Yoga & Your Emotional Garbage
When people tell their friends to try yoga, they always say, “You’ll feel so good! I’m always so relaxed after yoga.” But here’s what nobody tells you about practicing yoga.
Yoga can make you feel like an emotional train wreck. It’s true. I will openly admit it.
We store emotions in the body, and memories linger on within cells stashed deep inside our muscles. Suddenly we are in a pose and open a part of the body that has been left alone until then, we stretch and release muscles that have gone unnoticed for years. We release tension, and in the process release memories and emotions that were stored deep down long ago, and have been sleeping deep in our bones ever since.
So one minute you may be lying on your back, enjoying happy baby, and the next minute you are flooded with rage and want to punch a baby in the face. You have no idea what triggered it, there is no reason to be feeling this emotion now, but it’s here and it’s real and it has to be worked through. During yoga class, we learn to control our breath, to calm our minds, to help our bodies unwind. At first, this is great—we sleep better at night, we’re less stressed, and we feel great having released the tension from our shoulders. We learn to cope with our day-to-day stress, to release the muscles we have tensed up with our daily activities. On the surface, everything is going great. But we are multidimensional beings, with long complicated emotional backgrounds. We have all been sad, scared, angry, and lonely in the past, and we have suppressed old scars, heartache, and humiliations, just to be able to function in our everyday lives.
As we learn to connect to our breath, yoga starts working more effectively.
Stress, anxiety, tension—completely gone!
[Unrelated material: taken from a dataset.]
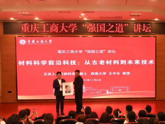 本次讲坛特邀欧洲科学院院士、西南大学材料与能源学院院长王中长教授担任主讲嘉宾。王院士以《材料科学前沿科技:从古老材料到未来技术》为题,重点阐述了材料科学与技术的发展历程及其在现代科技中的重要地位。他详细介绍了当前面临的关键挑战,包括第三代半导体晶圆制备、感存算一体芯片设计、极端环境传感器等,并指出材料科学正朝着高性能化、多功能化、智能化和可持续化的方向进行跨学科融合发展,使师生们对材料科学的发展有了更为深刻的理解。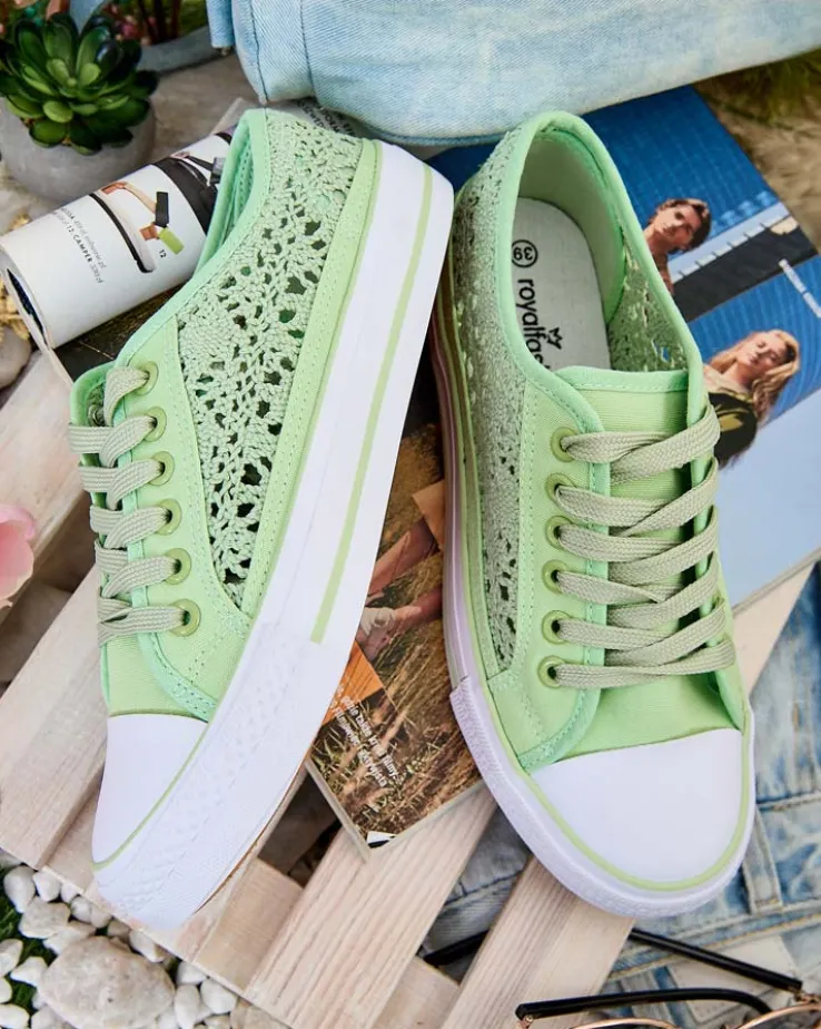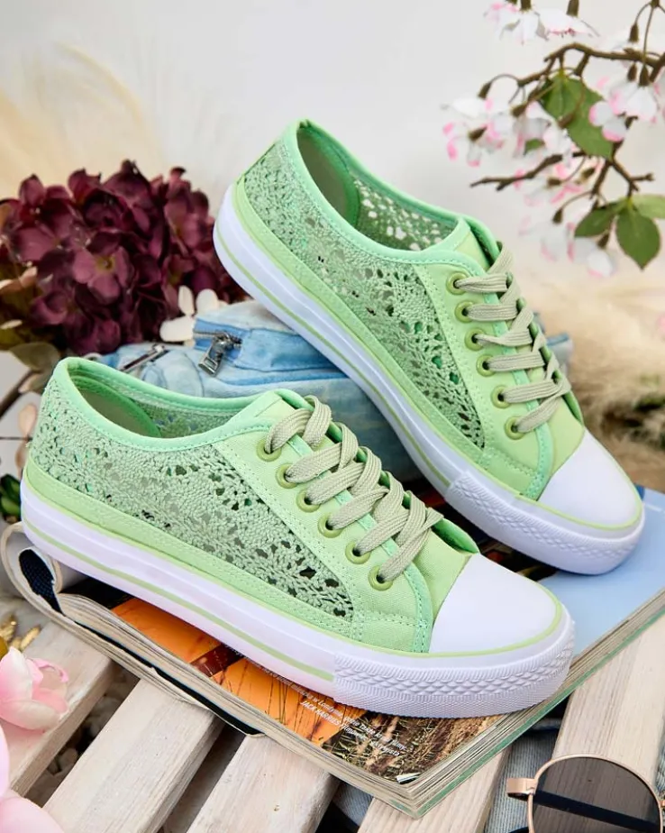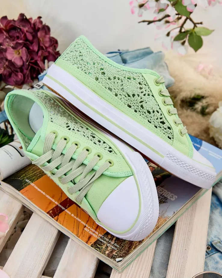 - Damskie buty na płaskiej podeszwie. Para w stylu casual jest wykonana z materiału tkaninowego z ażurowym wykończeniem, wkładka tkaninowa. Model posiada ozdobny haft. Idealne dla tych, którzy cenią komfort!

So it starts working on the backlog, trying to sort through some of the old emotional messes, so you can finally unclutter your innermost being. Things you haven’t thought about in years suddenly rise up in Triangle, and you can’t stop crying in Savasana because you’re a hot mess and have no idea why.
It’s easy to feel like a lunatic when one of these emotional tidal waves strikes in the middle of yoga class. Nobody warned me about this phenomenon, and the first time I experienced it (thanks a lot Camel Pose) I was worrying about what other people thought of the tears running down my face instead of being present and feeling. As the instructor walked behind me, she placed a hand on my shoulder, smiled and whispered, “Just let it out.” Once she had given me permission to give in to the experience, my muscles immediately relaxed. I closed my eyes and felt the tears running down my face, and I felt all the sadness emptying out of my body. I felt so deeply relieved and peaceful.
I will always be grateful to that yoga instructor. She gave me a place where it was safe to feel all of the stress that had been accumulating in my life, to surrender, and to let it go. In the moment, it sucks. It sucks to feel sad, to feel angry, to feel pain. But at the same time, it feels really good to finally, fully feel.
So no, Yoga class is not always sunshine, rainbows and unicorns. Sometimes yoga beats you up to allow the emotional release we so desperately need. The more we release our pasts, the more we are able to be present and enjoy everything that this moment has to offer.
If you can create a safe space for yourself, in your body—to experience these emotions without judging, just accepting whatever comes up, and riding the wave—you, my friend, are really doing yoga. Your practice is far more advanced than the man who can put his feet behind his head.
Remember, if yoga makes you feel like emotional garbage, that just means it’s working!